Messages sorted by: [ date ] [ thread ] [ subject ] [ author ] [ attachment ]
Mail actions: [ respond to this message ] [ mail a new topic ]

"Arcane Jill" <arcanejill@ramonsky.com> writes:

> OBSERVATION - Roundtripping is possible in the direction NOT-UTF-8 ->
> NOT-UTF-16 -> NOT-UTF-8

But it's not possible in the direction NOT-UTF-16 -> NOT-UTF-8 ->
NOT-UTF-16, unless you define valid sequences of NOT-UTF-16 in an
awkward way which would happen to exclude those subsequences of
non-characters which would form a valid UTF-8 fragment.

Unicode has the following property. Consider sequences of valid
Unicode characters: from the range U+0000..U+10FFFF, excluding
non-characters (i.e. U+nFFFE and U+nFFFF for n from 0 to 0x10 and
U+FDD0..U+FDEF) and surrogates. Any such sequence can be encoded
in any UTF-n, and nothing else is expected from UTF-n.

With the exception of the set of non-characters being irregular and
IMHO too large (why to exclude U+FDD0..U+FDEF?!), and a weird top
limit caused by UTF-16, this gives a precise and unambiguous set of
values for which encoders and decoders are supposed to work. Well,
except non-obvious treatment of a BOM (at which level it should be
stripped? does this include UTF-8?).

A variant of UTF-8 which includes all byte sequences yields a much
less regular set of abstract string values.
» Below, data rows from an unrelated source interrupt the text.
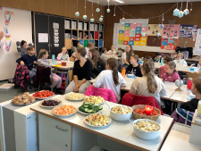 Die 5. Klassen haben mit ihren Patinnen in der KLARA- Stunde ein gesundes Frühstück zubereitet. Neben einem leckeren Müsli gab es auch Spieße aus Obst und Gemüse und das gemeinsame Arbeiten und Frühstücken hat allen viel Spaß gemacht.
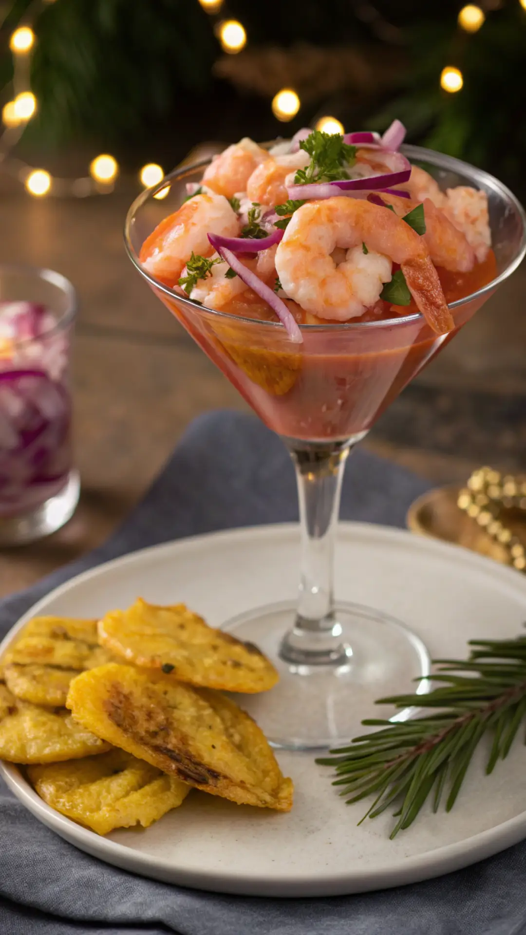 • Ceviche de corvina infusionada en leche de coco sobre canastas de plátano.
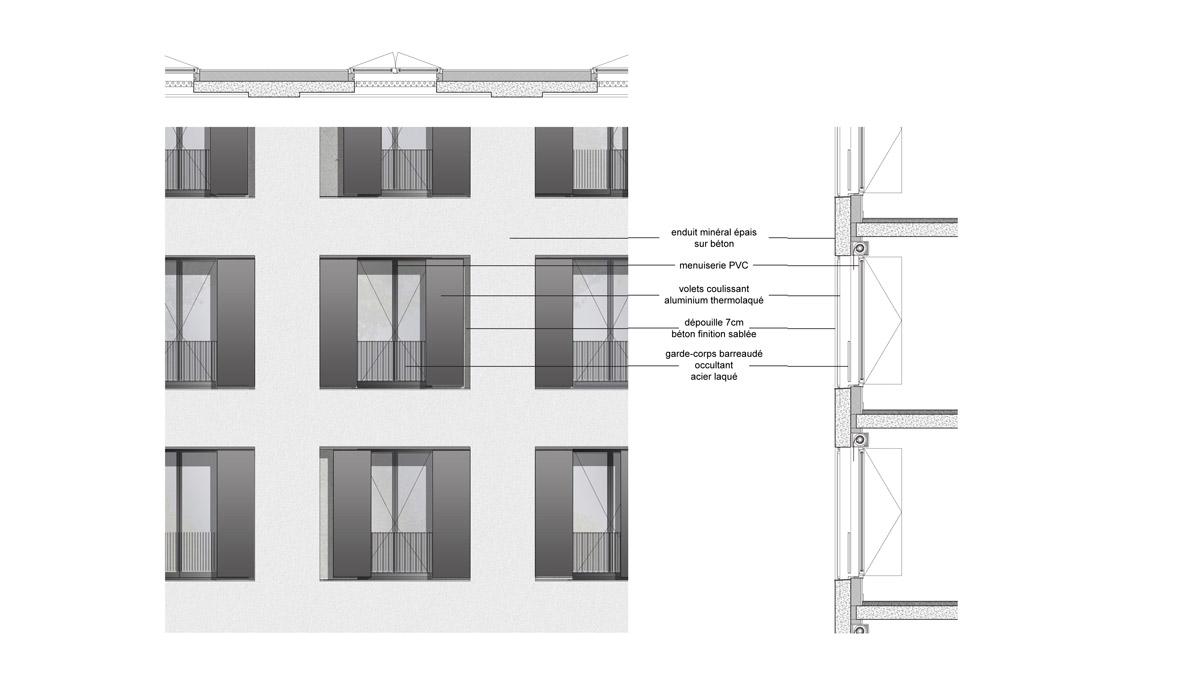 Notre proposition architecturale se veut réaliste et pragmatique pour respecter nos objectifs mais aussi le coût de construction. Nous proposons de rester dans une véracité constructive avec une architecture graphique et unitaire pour l’ensemble du projet. Cette écriture architecturale sobre et contemporaine ne recherche pas à se démarquer mais plutôt à s’inscrire dans la démarche générale du PUP : La composition des façades se réfère donc aux façades lyonnaises rythmées autour d’une trame de plein-vide régulière avec un percement de base vertical.
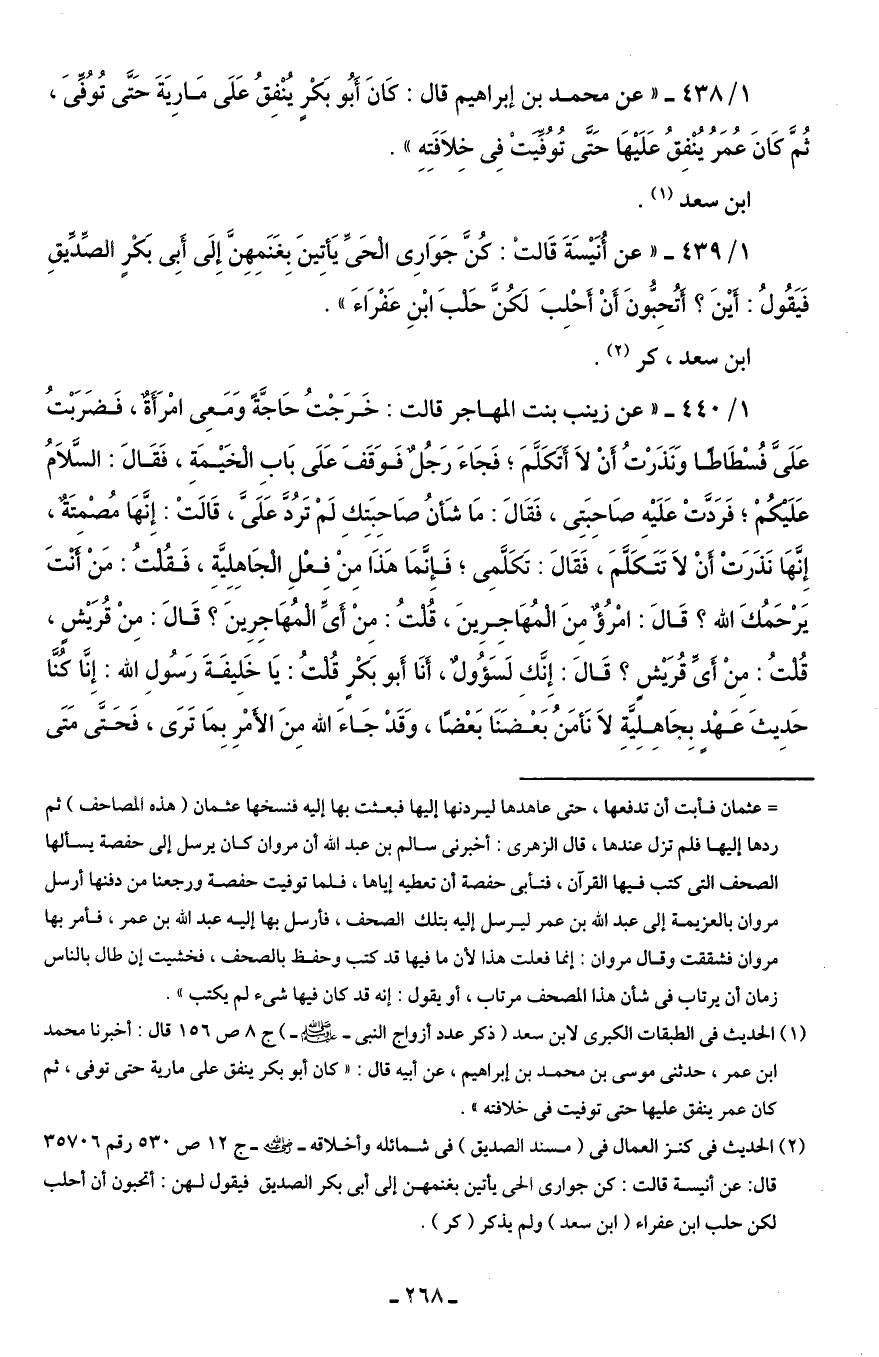 1/ 438 - "عن محمد بن إبراهيم قال: كَانَ أَبُو بَكْرٍ يُنْفِقُ عَلَى مَارِيَةَ حَتَّى تُوُفِّىَ، ثُمَّ كَانَ عُمَرُ يُنْفِقُ عَلَيْهَا حَتَّى تُوُفِّيَتْ فِى خِلَافَتِهِ".
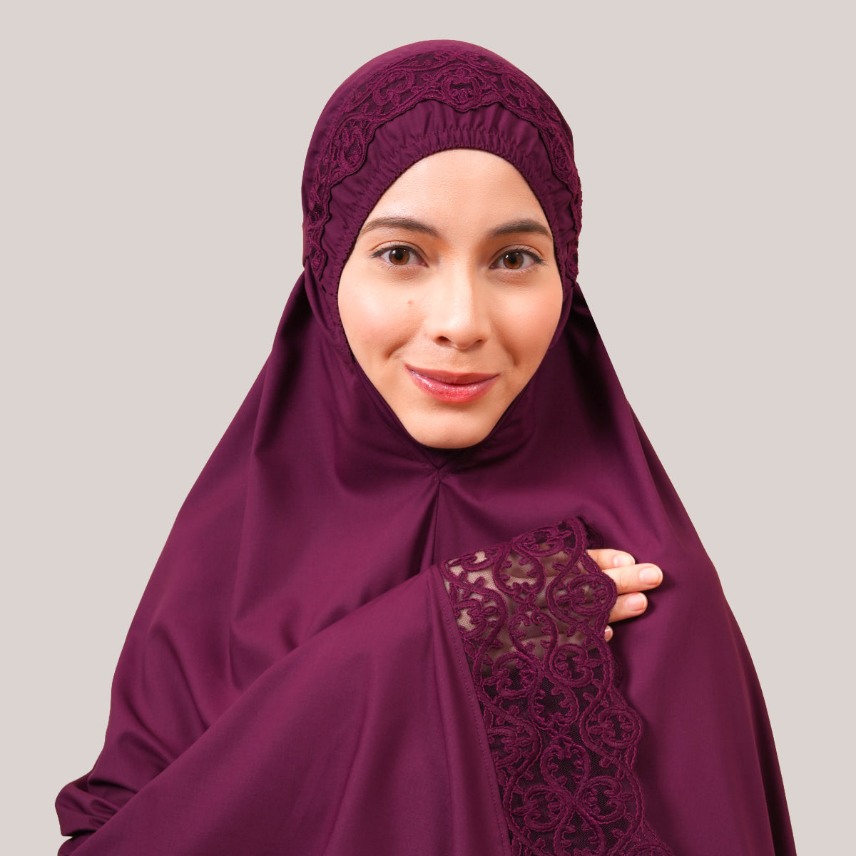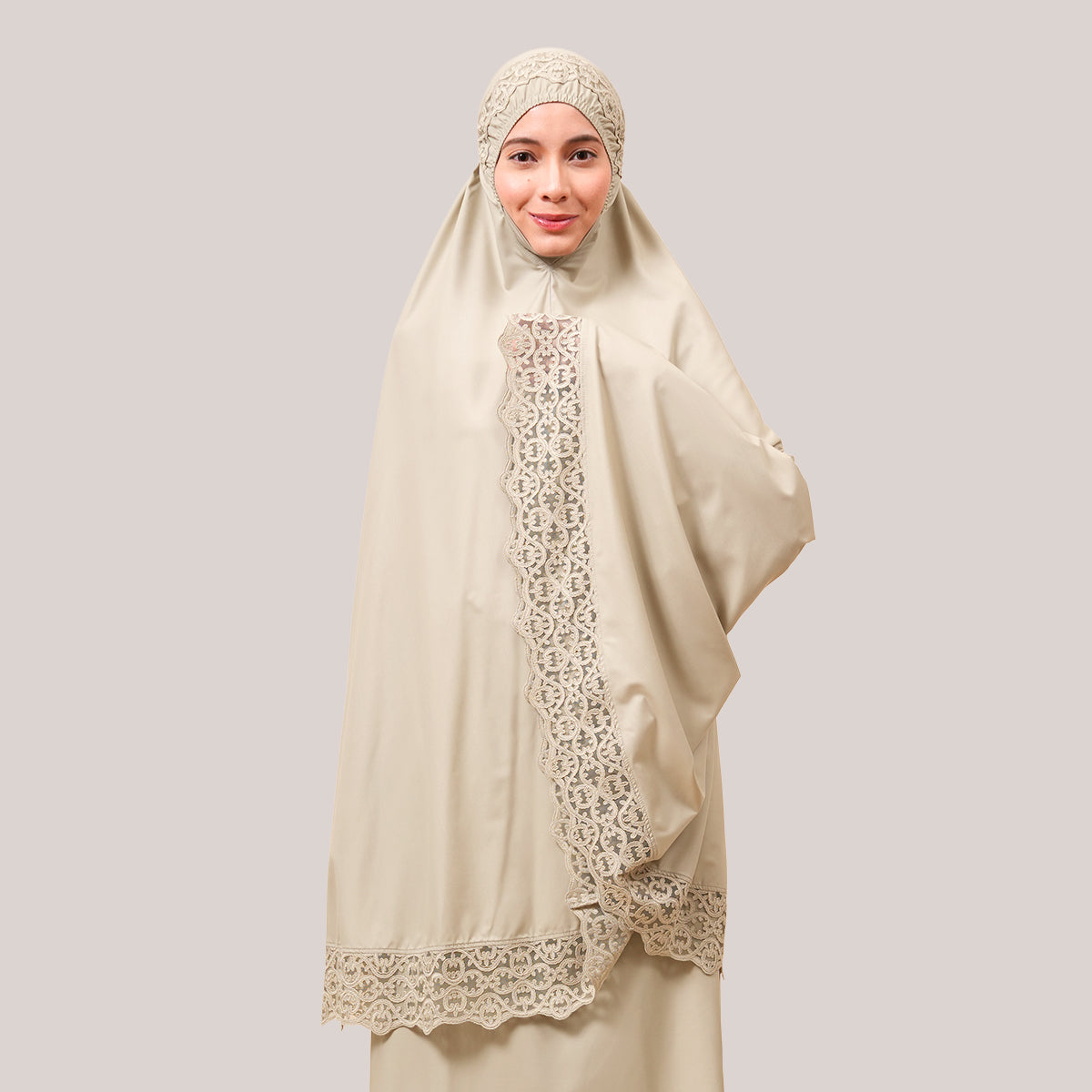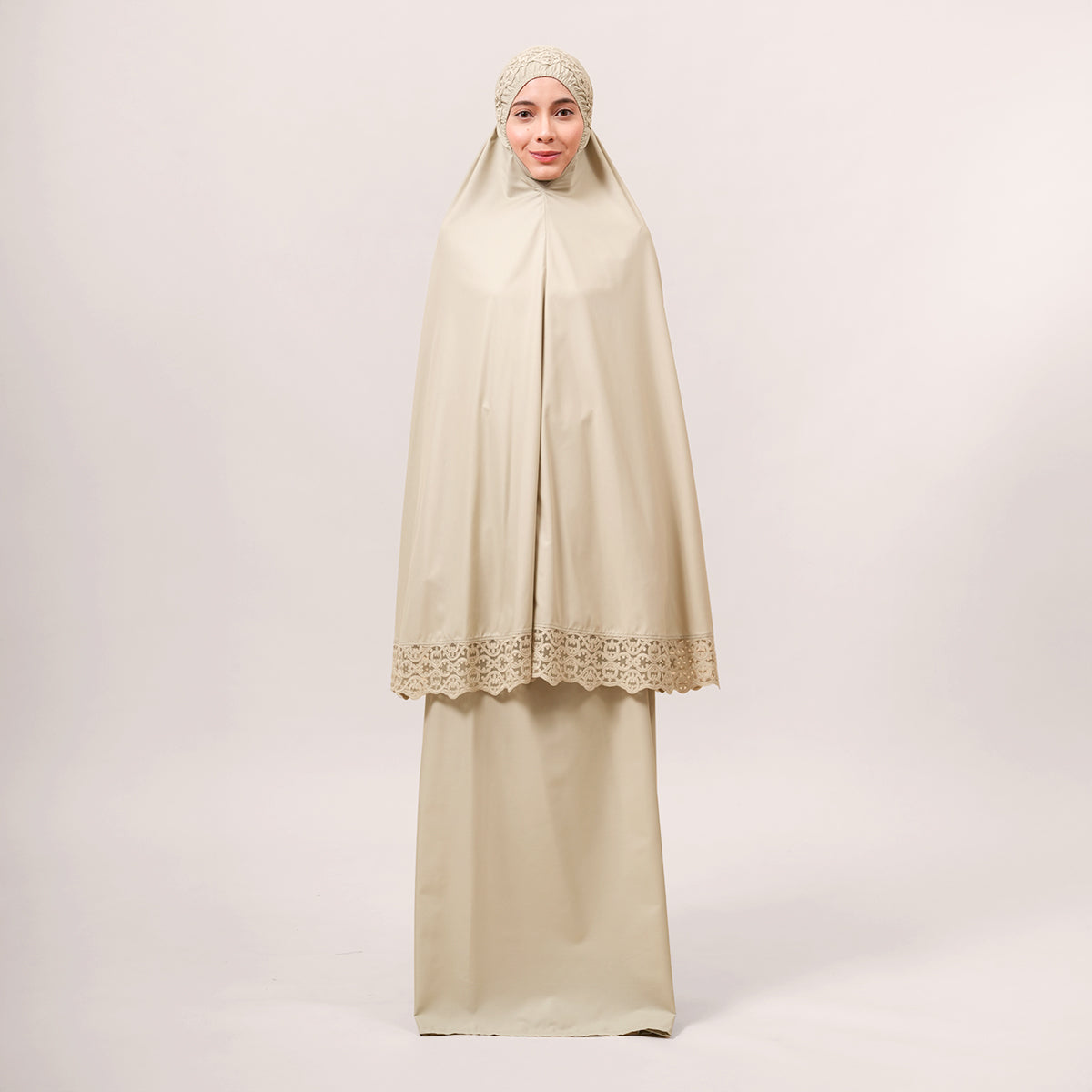 Modish Zaila is crafted from Khadijah Ultra Fine (KUF) fabric that feels soft, cool, and breathable for maximum comfort during prayer. Inspired by Mushaf motifs, the refined cord lace features delicately raised embroidery that creates an elegant 3D effect while remaining durable. Designed to reflect modest beauty and grace, Modish Zaila offers a comfortable and refined prayer experience with timeless appeal.

Especially if we consider
that 11101111 10111111 10111110 binary is not valid UTF-8, as much as
0xFFFE is not valid UTF-16 (it's a reversed BOM; it must be invalid in
order for a BOM to fulfill its role).

Question: should a new programming language which uses Unicode for
string representation allow non-characters in strings? Argument for
allowing them: otherwise they are completely useless at all, except
U+FFFE for BOM detection. Argument for disallowing them: they make
UTF-n inappropriate for serialization of arbitrary strings, and thus
non-standard extensions of UTF-n must be used for serialization.

-- 
   __("<         Marcin Kowalczyk
   \__/       qrczak@knm.org.pl
    ^^     http://qrnik.knm.org.pl/~qrczak/

Next message: Kenneth Whistler: "RE: Roundtripping in Unicode"
Previous message: Peter Kirk: "Re: Roundtripping in Unicode"
In reply to: Arcane Jill: "RE: Roundtripping in Unicode"
Next in thread: Lars Kristan: "RE: Roundtripping in Unicode"
Messages sorted by: [ date ] [ thread ] [ subject ] [ author ] [ attachment ]
Mail actions: [ respond to this message ] [ mail a new topic ]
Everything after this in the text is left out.